Fibonacci retracements are often used as part of the strategy for trend continuation trading. Traders observe a retraction occurring on the Fibonacci lines and in conjunction with other entry signals, make buy and sell trades in continuation of the initial trend.
Fibonacci levels are represented in horizontal lines and the main levels used are 38.2% and 61.8%. These horizontal lines are used to identify possible price reversal points. Another commonly applied level is 50%, which although not a Fibonacci level, is widely viewed as an important reversal level and is plotted on the chart along with the 38.2% and 61.8% lines.


Fibonacci lines are defined from the swings high and low. As a very popular tool, almost 100% of platforms offer the option of automatic retraction calculation.

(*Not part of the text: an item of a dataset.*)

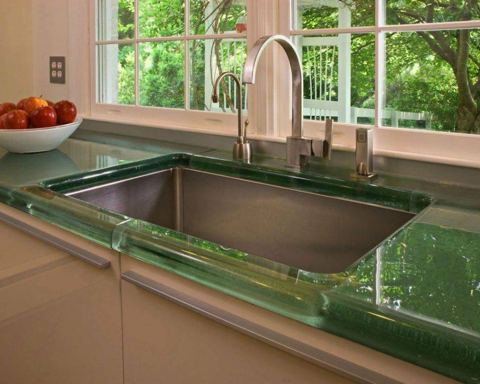 Богатый и необычайно красивый вид имеют стеклянные столешницы, популярность которых никогда не угасает.

In the example below we can see that the end lines were positioned at the maximum and minimum of upward movement. The 38.2%, 50% and 61.8% levels were automatically calculated by the platform.



Once the levels are set, prices are expected to find support in one of the Fibonacci retracements. In the example below, the trades placed buy orders at the 61.8% level before the upward movement continued.

The same goes for bearish movements, in which case the short entry applies to the retraction test as shown below.


Like any other strategy, the probability of success increases if combined with other methods of operation. An example is the confluence with supports and resistance. In the chart below, we can see that prices are on an uptrend due to rising peaks and valleys, the break in resistance followed by the formation of support in 3112, strengthens the price reversal after the 61.8% retracement test and continuation of bullish movement.

Trendline continuation

In the chart below, the trend line makes resistance for prices that are moving downwards. The 38.2% retracement combined with the Trendline test gave traders a sell signal before the bearish move continued.

Trendline Breakout

We can use retractions in trend reversal movements. In the following example, prices came from a downtrend with a trend line acting as resistance to the downward peaks. After Trendline break, large volume was generated in the bullish movement. Fibonacci retractions signaled the 50% level test and in confluence with the Trendline that worked as a support.



While retraction levels can be used as a market entry strategy, Fibonacci extensions can complement this strategy by offering traders profit targets based on the relation to the same Fibonacci numbers. Extensions consist of levels plotted beyond the default level of 100% and can be used to design areas that produce potential profit. In the example below, we observe the 50% retracement entry and the 161.8% trade exit.


Fibonacci levels indicate high probability reversal points, and often offer good buying or selling possibilities. However, this powerful tool should not be used alone, always seek confluence with other indicators and signals to increase the chances of success. Remember that no strategy has 100% winning rate and it is essential to use risk management to succeed in this market.